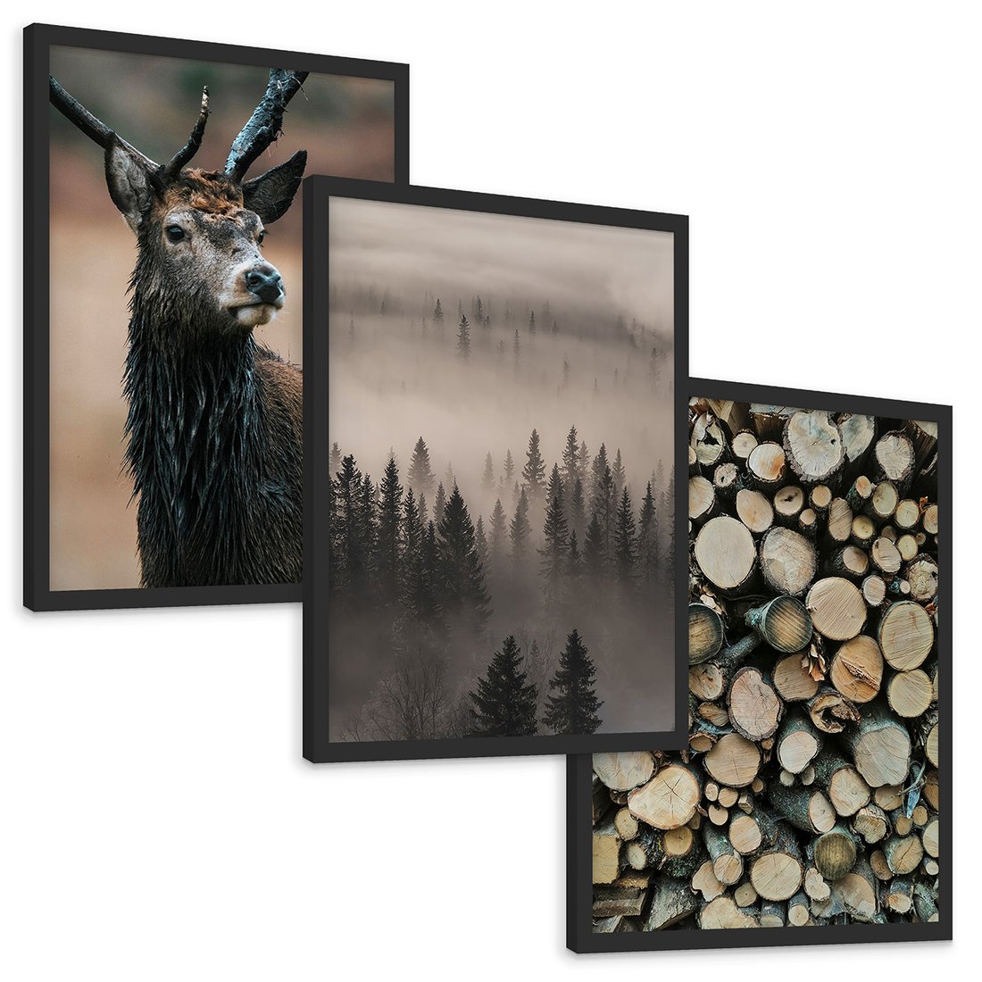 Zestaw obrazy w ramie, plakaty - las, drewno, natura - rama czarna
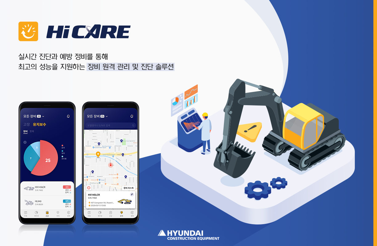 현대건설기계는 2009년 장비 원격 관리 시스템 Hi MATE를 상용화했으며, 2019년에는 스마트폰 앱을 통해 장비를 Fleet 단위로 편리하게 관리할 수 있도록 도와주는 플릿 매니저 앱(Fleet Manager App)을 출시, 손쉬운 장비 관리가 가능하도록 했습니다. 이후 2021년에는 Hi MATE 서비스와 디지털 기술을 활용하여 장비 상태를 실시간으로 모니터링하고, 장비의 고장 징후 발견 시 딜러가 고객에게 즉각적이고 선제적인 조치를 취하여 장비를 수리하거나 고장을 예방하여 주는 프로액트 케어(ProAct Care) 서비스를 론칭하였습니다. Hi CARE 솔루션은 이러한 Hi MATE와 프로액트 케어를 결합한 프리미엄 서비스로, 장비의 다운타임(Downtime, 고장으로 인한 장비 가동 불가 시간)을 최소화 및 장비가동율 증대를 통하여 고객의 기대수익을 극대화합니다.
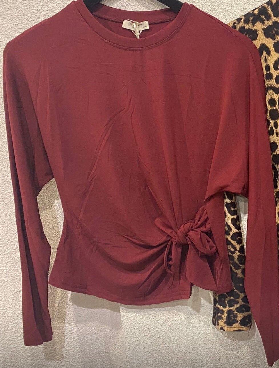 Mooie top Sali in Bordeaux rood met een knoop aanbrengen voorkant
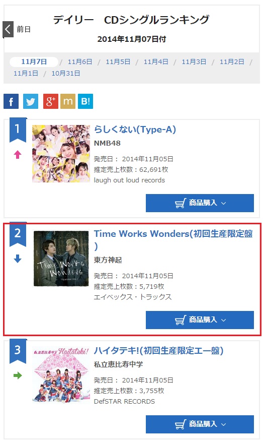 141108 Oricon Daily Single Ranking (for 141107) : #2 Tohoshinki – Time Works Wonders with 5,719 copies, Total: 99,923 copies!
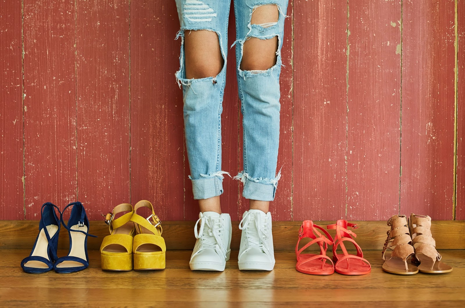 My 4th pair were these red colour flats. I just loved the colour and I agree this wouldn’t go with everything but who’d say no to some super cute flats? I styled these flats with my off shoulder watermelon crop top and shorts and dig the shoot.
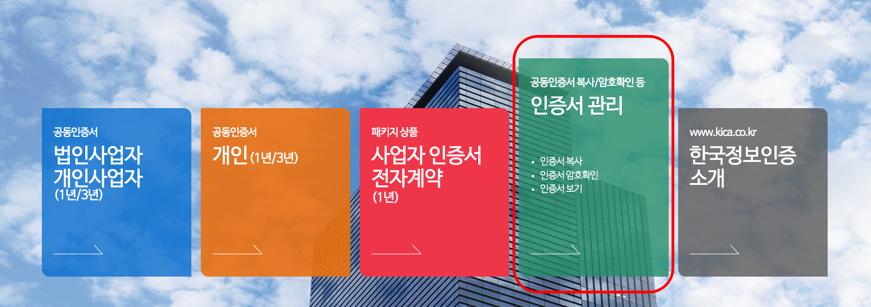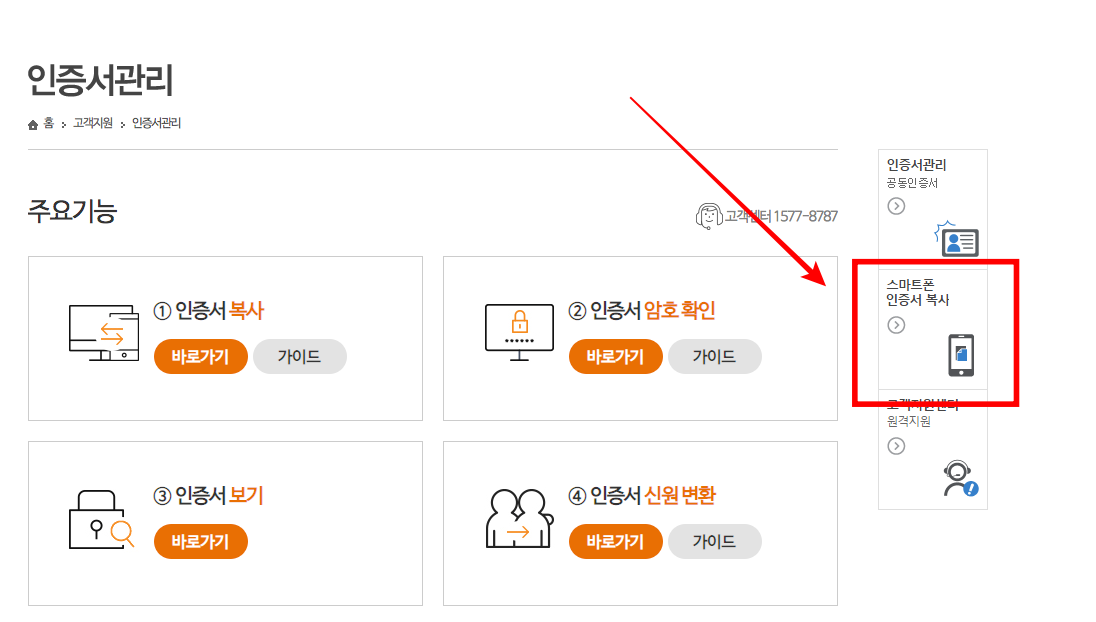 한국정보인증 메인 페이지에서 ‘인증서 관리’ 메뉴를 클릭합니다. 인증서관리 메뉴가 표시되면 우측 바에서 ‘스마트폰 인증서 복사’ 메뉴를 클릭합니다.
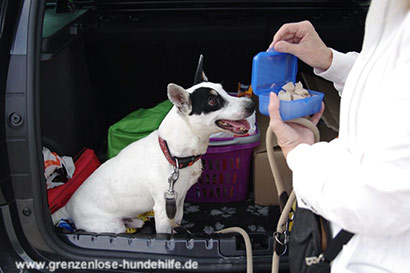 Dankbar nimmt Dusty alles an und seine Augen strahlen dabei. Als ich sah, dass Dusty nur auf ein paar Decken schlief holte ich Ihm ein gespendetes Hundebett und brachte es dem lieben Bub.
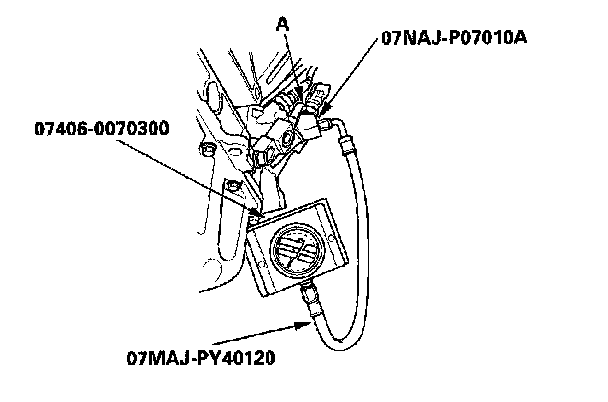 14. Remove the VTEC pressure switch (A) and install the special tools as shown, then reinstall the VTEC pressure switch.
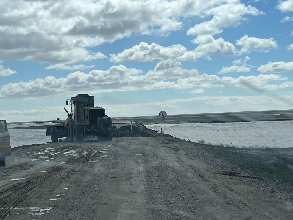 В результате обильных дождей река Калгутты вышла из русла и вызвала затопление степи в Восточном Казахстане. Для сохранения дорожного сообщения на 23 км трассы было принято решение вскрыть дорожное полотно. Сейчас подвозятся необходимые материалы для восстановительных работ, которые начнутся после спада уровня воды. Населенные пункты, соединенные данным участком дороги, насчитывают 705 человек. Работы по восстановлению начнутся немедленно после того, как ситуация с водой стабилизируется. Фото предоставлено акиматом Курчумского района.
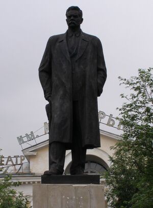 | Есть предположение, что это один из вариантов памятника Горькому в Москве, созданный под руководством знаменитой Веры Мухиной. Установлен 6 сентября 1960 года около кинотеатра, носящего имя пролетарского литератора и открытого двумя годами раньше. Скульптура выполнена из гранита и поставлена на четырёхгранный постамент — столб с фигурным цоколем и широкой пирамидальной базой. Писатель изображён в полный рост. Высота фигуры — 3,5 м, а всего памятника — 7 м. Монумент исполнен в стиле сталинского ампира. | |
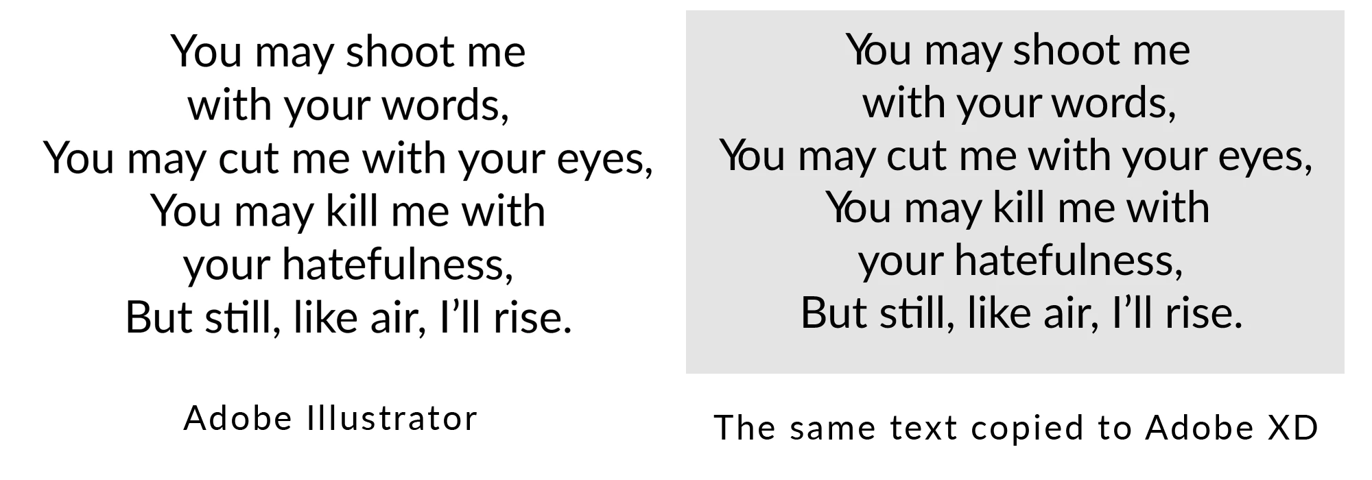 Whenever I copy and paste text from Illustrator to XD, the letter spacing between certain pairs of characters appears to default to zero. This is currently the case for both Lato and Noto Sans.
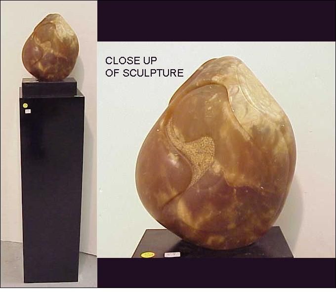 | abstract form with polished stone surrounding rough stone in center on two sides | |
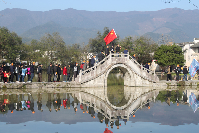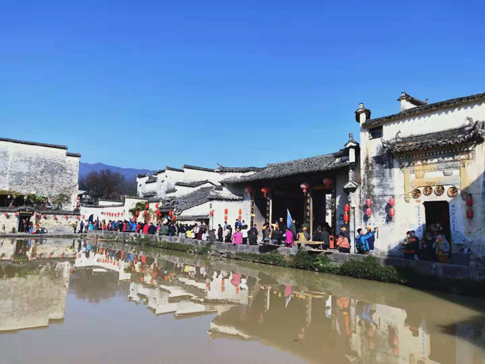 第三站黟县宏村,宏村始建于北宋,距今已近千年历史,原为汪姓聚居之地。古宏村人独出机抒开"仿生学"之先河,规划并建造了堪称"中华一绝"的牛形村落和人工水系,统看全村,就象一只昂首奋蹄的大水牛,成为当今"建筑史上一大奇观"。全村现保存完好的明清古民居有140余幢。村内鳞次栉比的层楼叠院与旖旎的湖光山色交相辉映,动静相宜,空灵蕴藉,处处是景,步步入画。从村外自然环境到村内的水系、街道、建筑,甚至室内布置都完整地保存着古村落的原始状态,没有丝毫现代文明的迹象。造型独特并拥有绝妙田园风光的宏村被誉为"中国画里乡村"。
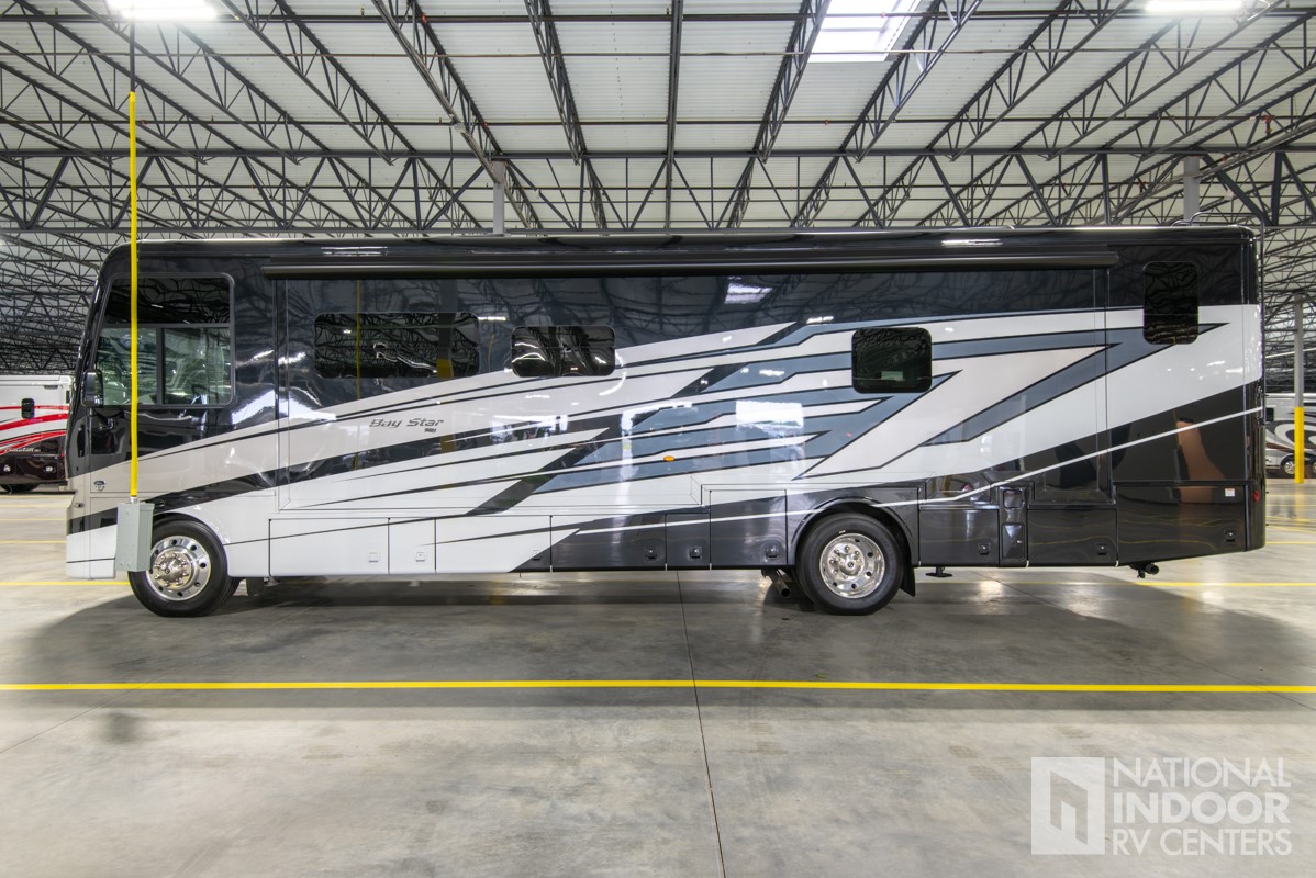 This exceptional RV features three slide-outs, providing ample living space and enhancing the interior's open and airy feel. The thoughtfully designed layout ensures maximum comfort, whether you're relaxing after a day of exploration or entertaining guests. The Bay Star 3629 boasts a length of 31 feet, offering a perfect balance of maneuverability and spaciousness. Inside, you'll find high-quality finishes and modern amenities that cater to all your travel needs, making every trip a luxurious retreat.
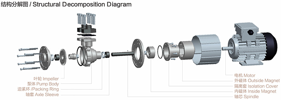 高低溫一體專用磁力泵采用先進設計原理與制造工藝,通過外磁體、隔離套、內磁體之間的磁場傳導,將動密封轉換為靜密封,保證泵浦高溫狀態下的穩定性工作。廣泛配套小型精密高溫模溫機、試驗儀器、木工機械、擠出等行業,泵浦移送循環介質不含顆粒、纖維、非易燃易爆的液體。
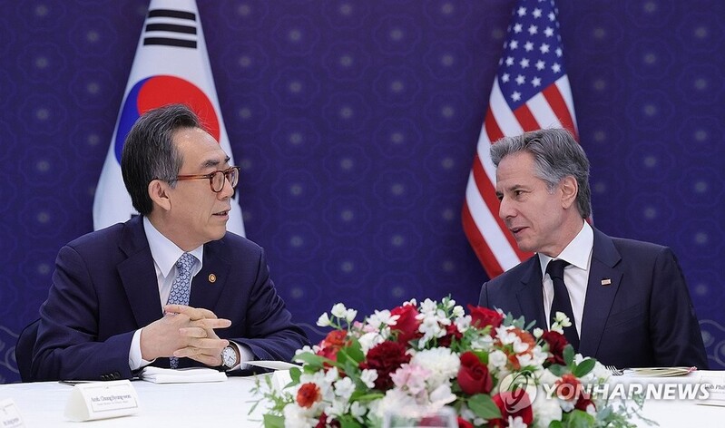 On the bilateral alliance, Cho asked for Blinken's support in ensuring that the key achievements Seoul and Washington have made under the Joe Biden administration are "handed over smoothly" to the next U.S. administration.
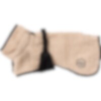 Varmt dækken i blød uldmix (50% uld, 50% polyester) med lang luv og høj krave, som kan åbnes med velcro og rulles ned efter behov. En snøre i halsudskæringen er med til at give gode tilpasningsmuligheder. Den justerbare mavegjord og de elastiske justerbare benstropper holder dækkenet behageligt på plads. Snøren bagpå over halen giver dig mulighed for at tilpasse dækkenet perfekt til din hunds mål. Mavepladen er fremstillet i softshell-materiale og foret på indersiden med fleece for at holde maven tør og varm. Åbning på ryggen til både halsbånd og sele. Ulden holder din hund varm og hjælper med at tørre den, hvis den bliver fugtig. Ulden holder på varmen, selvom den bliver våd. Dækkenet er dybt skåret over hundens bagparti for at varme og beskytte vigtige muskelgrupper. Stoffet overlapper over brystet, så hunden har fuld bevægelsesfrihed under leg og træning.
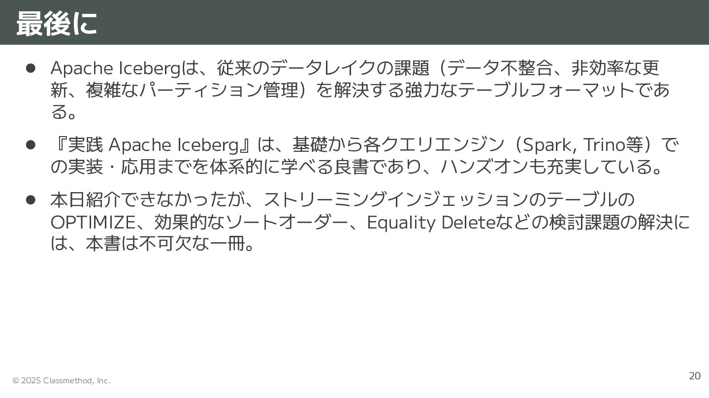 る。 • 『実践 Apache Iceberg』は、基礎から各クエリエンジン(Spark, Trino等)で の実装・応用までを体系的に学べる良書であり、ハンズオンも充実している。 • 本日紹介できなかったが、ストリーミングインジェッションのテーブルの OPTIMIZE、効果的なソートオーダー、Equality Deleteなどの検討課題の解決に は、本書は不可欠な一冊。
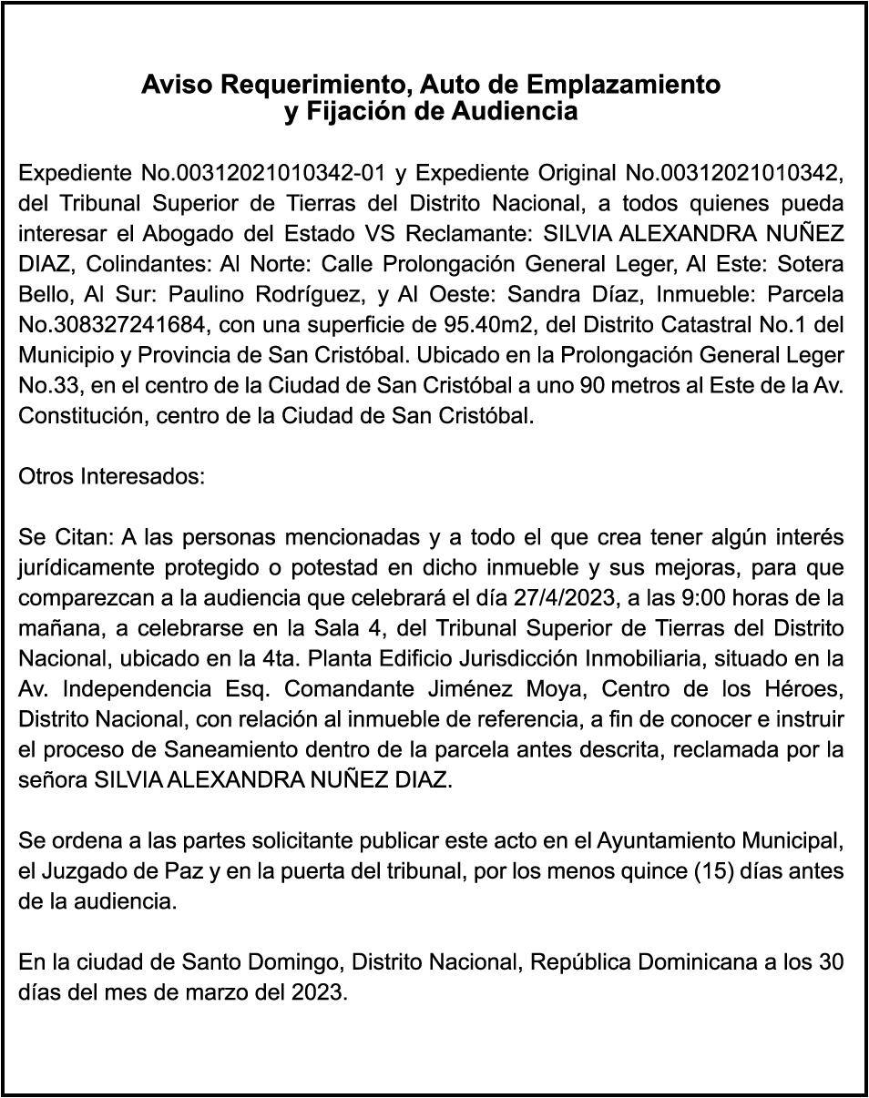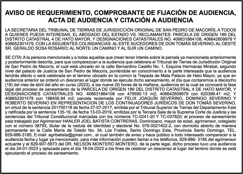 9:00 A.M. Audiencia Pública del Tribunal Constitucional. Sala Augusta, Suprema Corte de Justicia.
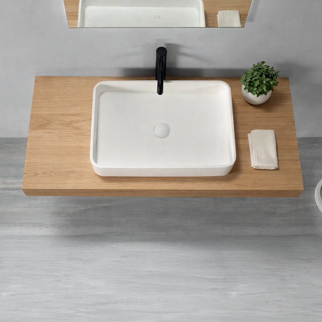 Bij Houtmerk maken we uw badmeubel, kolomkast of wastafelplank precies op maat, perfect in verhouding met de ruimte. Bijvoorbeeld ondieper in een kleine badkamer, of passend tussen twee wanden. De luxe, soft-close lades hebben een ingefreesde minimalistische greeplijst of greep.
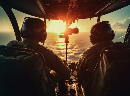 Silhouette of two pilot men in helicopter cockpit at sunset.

....

* **Assignment**
Please print the lines exactly, from the top of the material through the line with "Dankbar nimmt Dusty", and omit the pictures.

* **Reply to the task**
 Zestaw obrazy w ramie, plakaty - las, drewno, natura - rama czarna
 현대건설기계는 2009년 장비 원격 관리 시스템 Hi MATE를 상용화했으며, 2019년에는 스마트폰 앱을 통해 장비를 Fleet 단위로 편리하게 관리할 수 있도록 도와주는 플릿 매니저 앱(Fleet Manager App)을 출시, 손쉬운 장비 관리가 가능하도록 했습니다. 이후 2021년에는 Hi MATE 서비스와 디지털 기술을 활용하여 장비 상태를 실시간으로 모니터링하고, 장비의 고장 징후 발견 시 딜러가 고객에게 즉각적이고 선제적인 조치를 취하여 장비를 수리하거나 고장을 예방하여 주는 프로액트 케어(ProAct Care) 서비스를 론칭하였습니다. Hi CARE 솔루션은 이러한 Hi MATE와 프로액트 케어를 결합한 프리미엄 서비스로, 장비의 다운타임(Downtime, 고장으로 인한 장비 가동 불가 시간)을 최소화 및 장비가동율 증대를 통하여 고객의 기대수익을 극대화합니다.
 Mooie top Sali in Bordeaux rood met een knoop aanbrengen voorkant
 141108 Oricon Daily Single Ranking (for 141107) : #2 Tohoshinki – Time Works Wonders with 5,719 copies, Total: 99,923 copies!
 My 4th pair were these red colour flats. I just loved the colour and I agree this wouldn’t go with everything but who’d say no to some super cute flats? I styled these flats with my off shoulder watermelon crop top and shorts and dig the shoot.
 한국정보인증 메인 페이지에서 ‘인증서 관리’ 메뉴를 클릭합니다. 인증서관리 메뉴가 표시되면 우측 바에서 ‘스마트폰 인증서 복사’ 메뉴를 클릭합니다.
 Dankbar nimmt Dusty alles an und seine Augen strahlen dabei. Als ich sah, dass Dusty nur auf ein paar Decken schlief holte ich Ihm ein gespendetes Hundebett und brachte es dem lieben Bub.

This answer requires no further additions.